Roy H. Schoeman (born in 1951 in New York City) is a Jew and author who has converted to the Catholic Church. Due to his decision of faith, he gave up a career in the field of economics and is now devoted to the Christian mission.

Life

Roy Schoeman's Jewish parents fled from Nazi Germany to New York, where he was born and grew up. He received his Jewish education from non-Orthodox rabbis such as Arthur Hertzberg and Arthur Green, who taught at a "non-denominational" rabbinical college in the United States. The charismatic-Hasidic rabbi Shlomo Carlebach also influenced him.

He studied at the Massachusetts Institute of Technology (MIT) and Harvard Business School, where he received an MBA magna cum laude and lectured on marketing.

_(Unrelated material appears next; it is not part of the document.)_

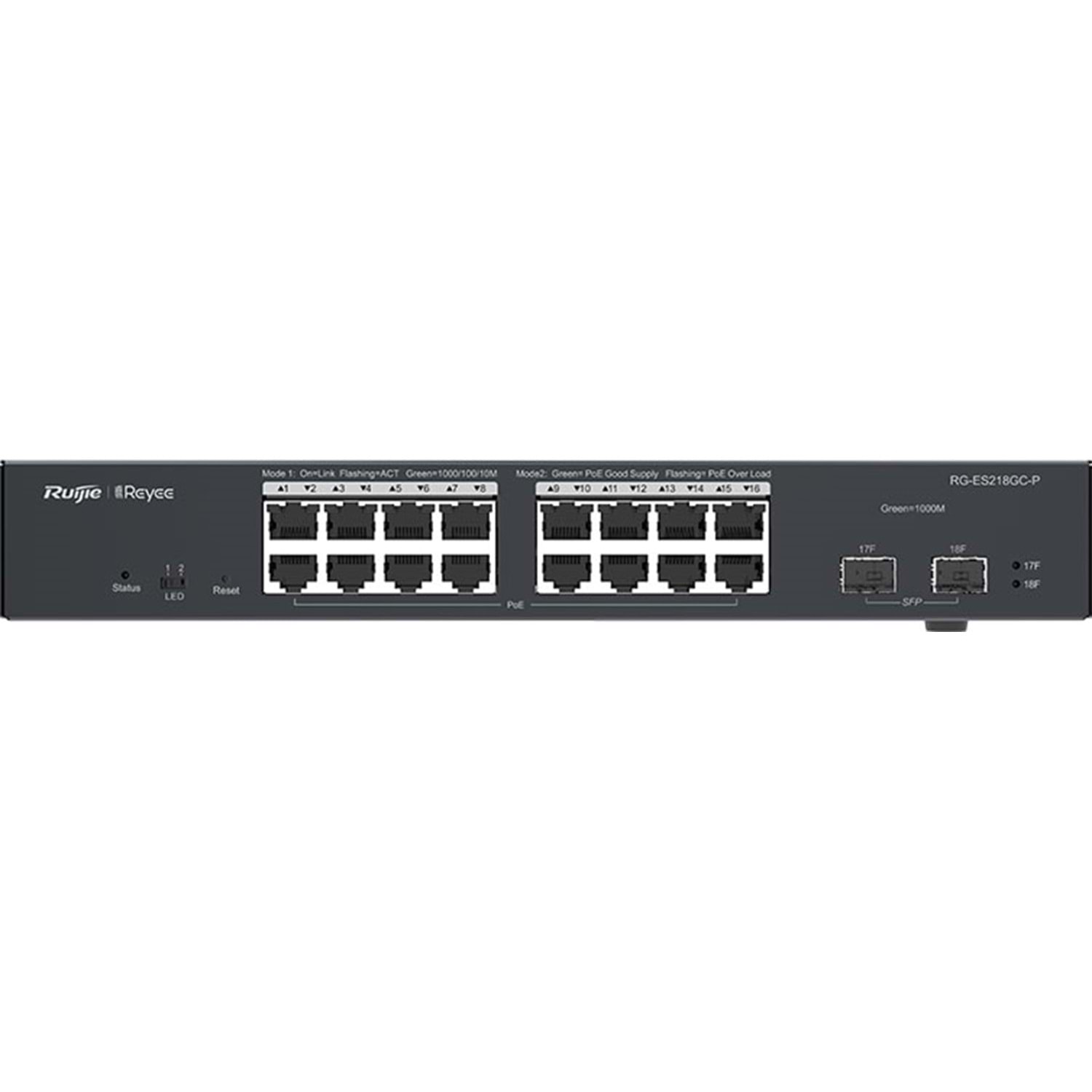 RG-ES218GC-P 18-Port Gigabit Smart POE Switch, 16 Gigabit RJ45 16 POE/POE+ Ports, 2SFP, 240W

In retrospect, he describes his childhood and youth as very religious, but he left this belief behind in the course of his career. He also talks about an increasing feeling of senselessness despite the success. He attributes his devotion to Christianity to apparitions of the Virgin Mary. He counts the Carthusian priest Marcellin Theeuwes among his Christian teachers.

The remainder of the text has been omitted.